Dizem que na Copa de 70 o pessoal que peitava a ditadura torceu contra a seleção para que o caneco não servisse à propaganda do regime da tirania. Sobre isso, há uma cena que é uma das mais hilárias do cinema nacional. O excelente Caio Blat interpreta um integrante dos movimentos de esquerda em O ano em que meus pais saíram de férias. Em dado momento do filme, ele assiste a um jogo do Brasil bancando sua ideoologia no meio de um grupo ensandecido pela seleção. Mas toda convicção política vai por água abaixo quando Pelé guarda um nas redes dos gringos, e o “comuna” vai à loucura com os bailes de bola daquele time.

Hoje em dia não há qualquer razão política para se torcer contra o Brasil numa Copa do Mundo. É grande balela dizer que o evento interfere nas eleições. Ora, nossa democracia pode não ter ainda a maturidade das européias, mas já não é nem um bebê que se deixe seduzir pela paixão de um evento que ocorre quatro meses antes. Se ainda não aprendemos a votar, certamente não é por causa da Copa do Mundo.

Confesso que a seleção não me empolga tanto mais. Fui testemunha da tragédia do Sarriá, em 82, quando a Itália nos despachou e fez daquele jogo o maracanazzo de minha geração, essa mesma nascida quando os milicos botavam pra quebrar. Doze anos depois me vinguei da mesma Itália. Tudo bem que foi nos pênaltis, mas os filhos da revolução jamais haviam visto o Brasil ser campeão do mundo. Então, me desculpem, mas a Copa do time do Parreira, que tinha o Dunga de chicote em campo pondo todo mundo pra jogar e show da dupla Bebeto-Romário, valeu demais para nós. Em 2002, consolidei minha carreira de torcedor canarinho. Não sei se me aposentei desse papel, mas me confesso satisfeito com o que já vi do nosso escrete.

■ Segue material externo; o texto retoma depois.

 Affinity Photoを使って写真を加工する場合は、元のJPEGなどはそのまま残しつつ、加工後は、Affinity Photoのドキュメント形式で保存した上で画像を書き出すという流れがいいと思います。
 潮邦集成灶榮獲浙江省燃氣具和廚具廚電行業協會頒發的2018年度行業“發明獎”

Também por isso, mas muito pela seleção insossa que está na África do Sul, e mais ainda pela histeria sem qualquer senso do ridículo de alguns (ou será apenas um?) narradores da TV Brasileira, me dá uma vontade doida de torcer contra, de ver tudo se acabar ainda na primeira fase, levando um deprimente chocolate com gosto de bacalhoada à Cristiano Ronaldo.

Os gritos desprovidos de qualquer racionalidade no primeiro gol do Brasil contra o inexistente time da Tanzânia nos dão a dimensão do que nossos ouvidos precisarão aturar se o adversário for uma seleção de porte, algum de nossos adversários tradicionais.

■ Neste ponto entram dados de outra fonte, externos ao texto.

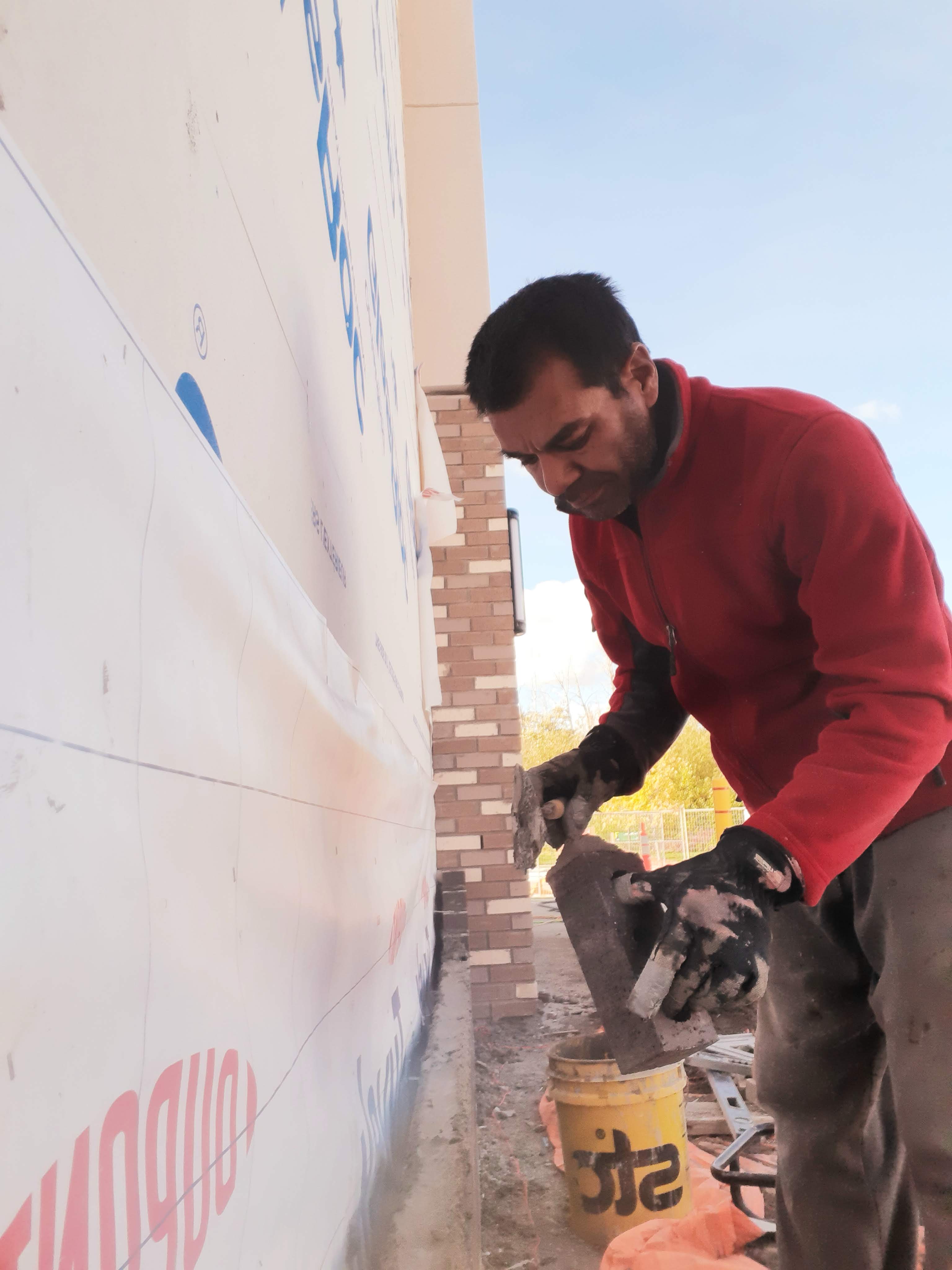 The material is manufactured using aggregate, Portland cement and course sand. During manufacture, a complete 16" block is "split" in two so as form two 8" thick blocks, each with a rough face along the split edge. The finished product resembles rock-faced masonry in houses popular in the mid-1880s.
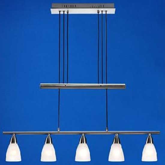 This modern chandelier hangs down a row of 5 bell-shaped lampshades for maximum illumination. The lamp is nicely crafted for an impressively long life of 8,000 hours. The height is adjustable by pulling the thread. This stunning chandelier is a stylish addition of shop lighting.
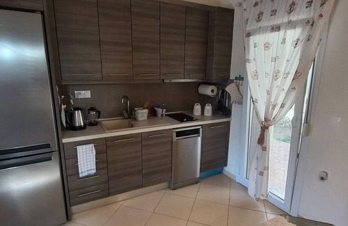 This new 2br residence of 60m2 is located in a very quiet residential area of Nikiti, less than 5 minutes walk to one of the most beautiful beaches in Chalkidiki. The ground terrace in front of the private garden is the perfect spot to relax and enjoy meals outside with family and friends The house features a comfortable living room with a flat TV and a fire place, 2 double bedrooms and a bathroom with shower cabin.
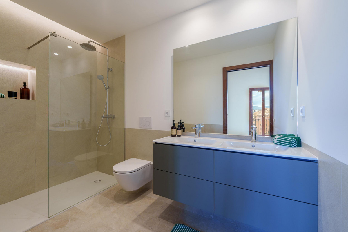The penthouse has been recently renovated with great attention to detail, seamlessly combining contemporary design with the character of a traditional Mallorcan building. The main living level features a bright and open living and dining area with an integrated kitchen and charming views towards Santa Eulalia. The layout includes two generous double bedrooms, a single bedroom, two bathrooms — one en suite — and a convenient storage room with a laundry area.
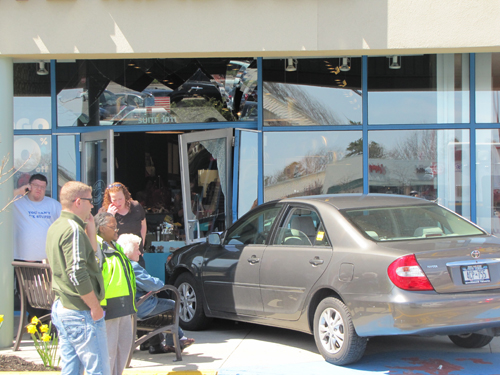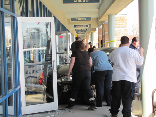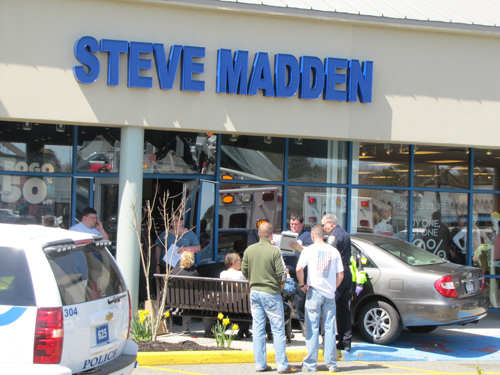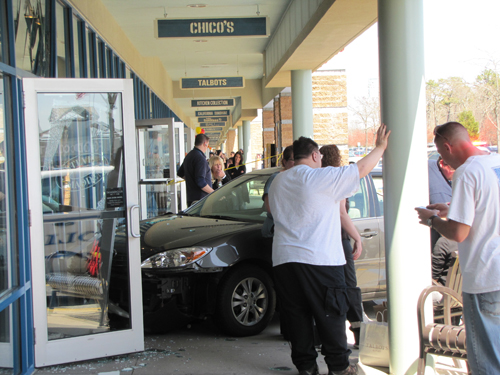 The accident occurred at about 11:30 a.m. when a tan SUV heading north in the road inside Tanger II in Riverhead collided with a Toyota Camry that was heading west. The Camry then veered off and crashed into the front door of the store, according to Sgt. Tim Palmer of the Riverhead Police Department.
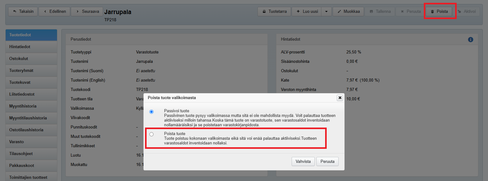 Valitse tuote taulukosta ja klikkaa tuotteen tietokortilla Poista-painiketta. Valitse avautuvassa ikkunassa, että tuote poistetaan:
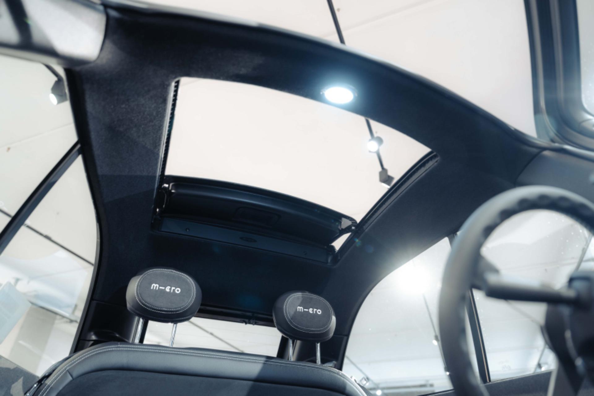 - Pannelli laterali e cruscotto rivestiti in in pelle scamosciata vegana

A cada Copa, a cada campeonato de Fórmula 1, mais se acura a receita de transformar qualquer evento em megaespetáculo, qualquer time em aglomerado de astros e, mais do que tudo, qualquer um que seja mais ou menos em ser humano com poderes especiais. Foi assim com Ronaldo na Copa de 98, com Daiane dos Santos nas Olimpíadas de 2004, foi assim a vida toda com Ayrton Senna, alçado do posto de piloto excepcional à categoria de divindade, de ser humano perfeito.

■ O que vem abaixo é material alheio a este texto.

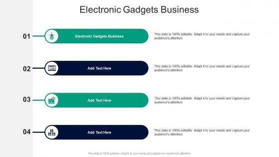 Introducing our well designed Electronic Gadgets Business In Powerpoint And Google Slides Cpb. This PowerPoint design presents information on topics like Electronic Gadgets Business. As it is predesigned it helps boost your confidence level. It also makes you a better presenter because of its high quality content and graphics. This PPT layout can be downloaded and used in different formats like PDF, PNG, and JPG. Not only this, it is available in both Standard Screen and Widescreen aspect ratios for your convenience. Therefore, click on the download button now to persuade and impress your audience. Our Electronic Gadgets Business In Powerpoint And Google Slides Cpb are topically designed to provide an attractive backdrop to any subject. Use them to look like a presentation pro.
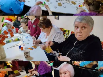 Вот и сегодня наши друзья подарили жителям дома-интерната предновогодний карнавал - яркий и шумный, веселый и задорный, с добрыми шутками и звонким смехом, шарами и главными новогодними героями: Дедом Морозом и Снегурочкой. А на мастер-классе вместе с детьми все желающие смогли расписать деревянные елочные игрушки.
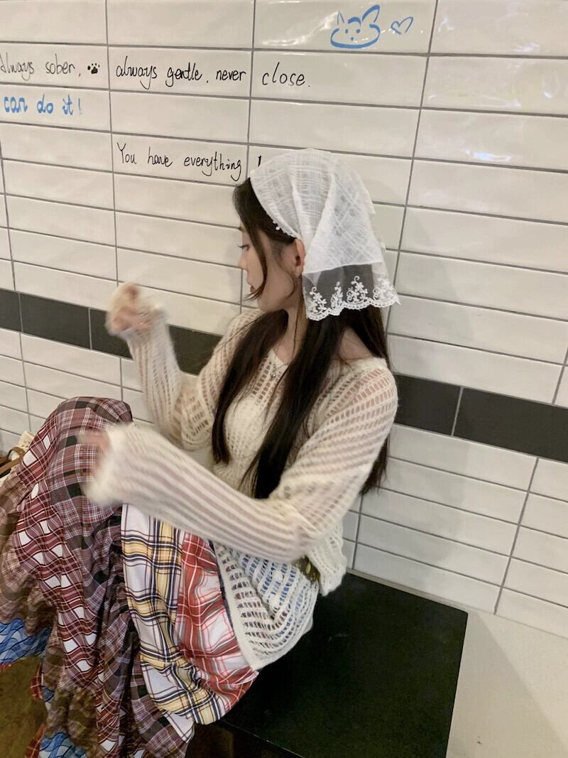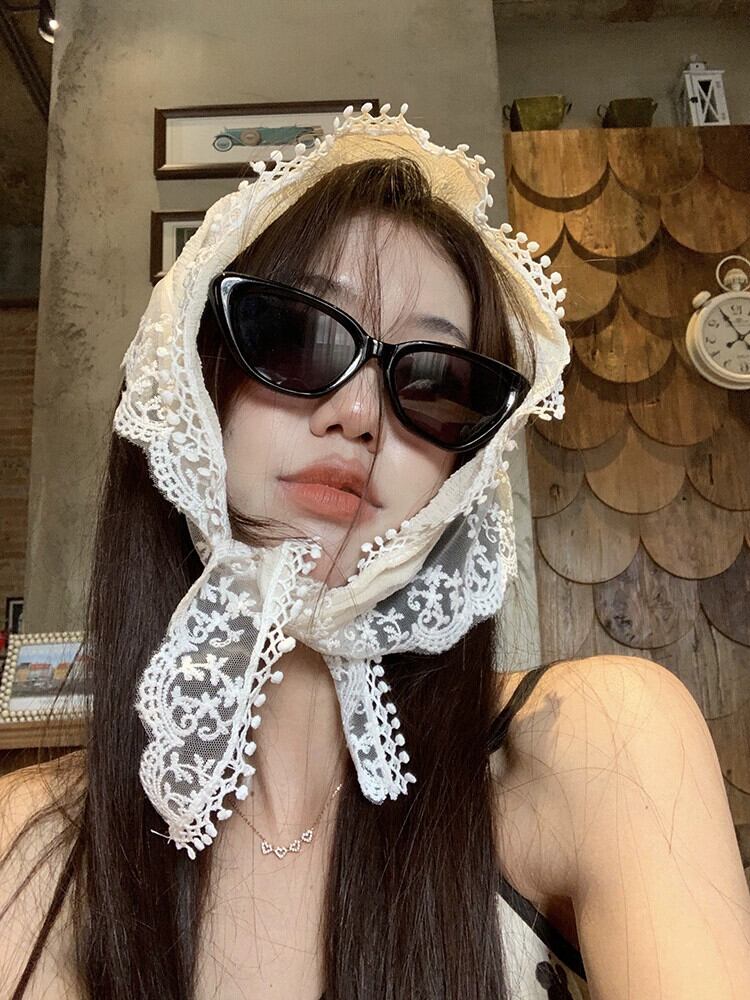 フレンチ&レースのトライアングルスカーフ、雰囲気のあるシルクスカーフ、花柄のヘッドスカーフ、ハイエンドの花柄ベージュの牧歌的なスタイルのストリーマートレンド missk46727145828
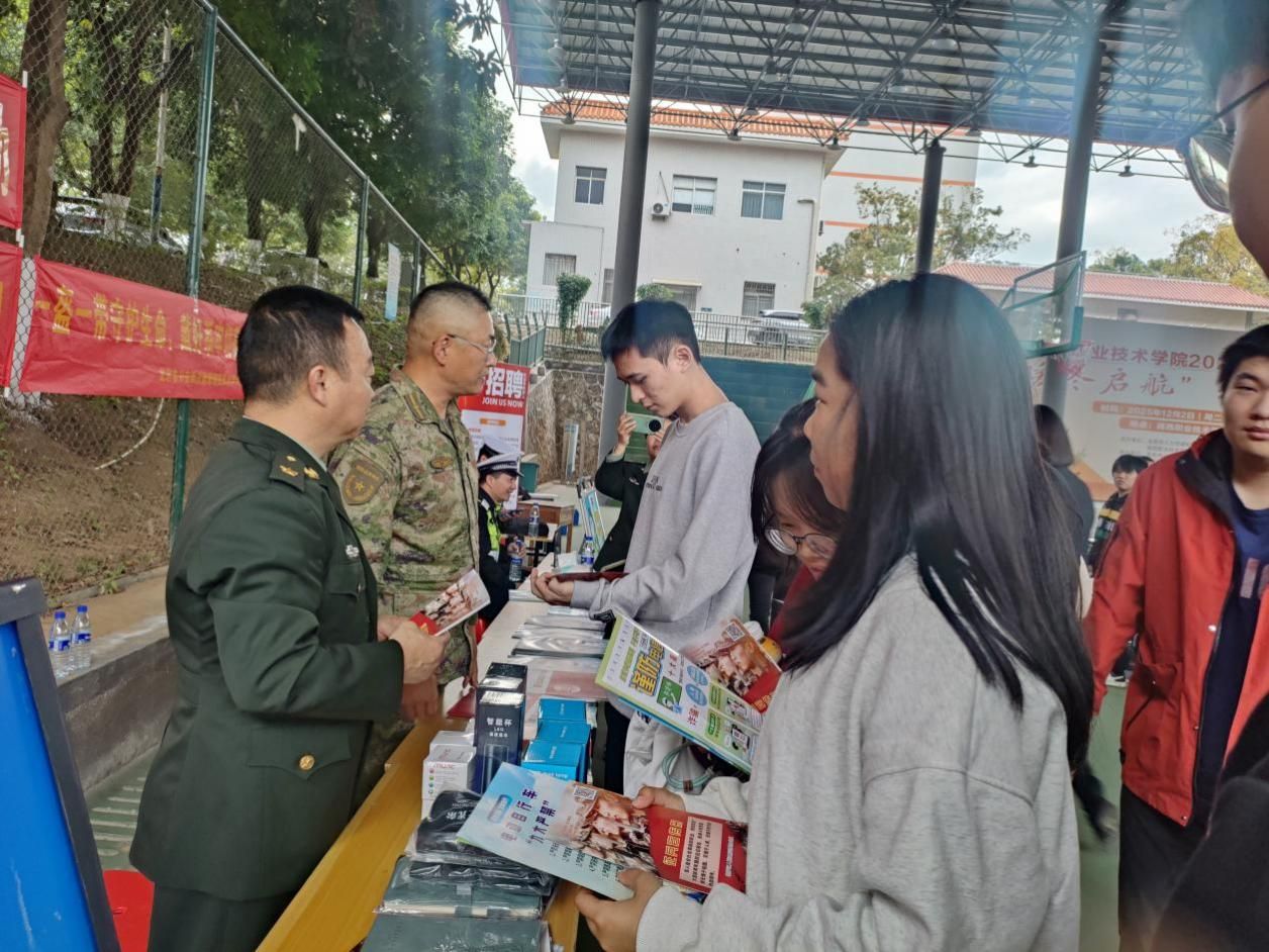 12月2日,我校联合龙岩市人民政府征兵办公室、新罗区交警大队、曹溪派出所在槟龙球场毕业生招聘会现场开展征兵国防暨安全教育宣传活动。

É claro que na hora H não vou torcer contra, mas para que a vontade não ameace, será necessário assistir aos jogos em outro canal (Na Band, não há tantos exageros, mas sim o pecado do bairrismo), ou ainda melhor: deixar a TV sem som e ficar ouvindo o rádio (A BandNews FM promete belas transmissões e a CBN também cumpre bem o seu papel). Até porque, se a seleção voltar com o rabo entre as pernas, teremos que ouvir o discurso do eu sabia que isso iria acontecer, bem típico dos que fazem a comunicação servir sempre ao interesse da ocasião.

4 comentários em “Torcer contra. Às vezes dá vontade.”

  1. Teresa Madeira

    Levando as meninas pra escola hoje, presenciei o espanto e comentário delas com tantas bandeirolas enfeitando a rua comercial: “TÃO ANTES ASSIM DA COPA” !?.
    Quando perguntei o que aquelas cores
    representavam, a mais velha gritou: Brasiiil Zil Zil !

  2. Estar à parte do que não é importante,como o futebol, causa estranheza ao comum. A saúde do Kaká causa maior apreensão do que as notas dos filhos na escola. A importância da vida é conduzida na forma de como está o desempenho dos atletas. E nós torcemos pelo momento de um lance bonito virar um gol. E a vida mude, e a paz se faça no ser humano, e quem venham as oitavas.

  3. Denise Giusti

    Muito bom André, você diz tudo que penso. Quem viveu a Copa de 70 nunca mais esqueceu, é díferente de que tudo que se vê, os milhões que esses jogadores ganham, não havia alguns craques, todos eram estrelas. Bem, felizes nós que vimos aquele SHOW de Copa.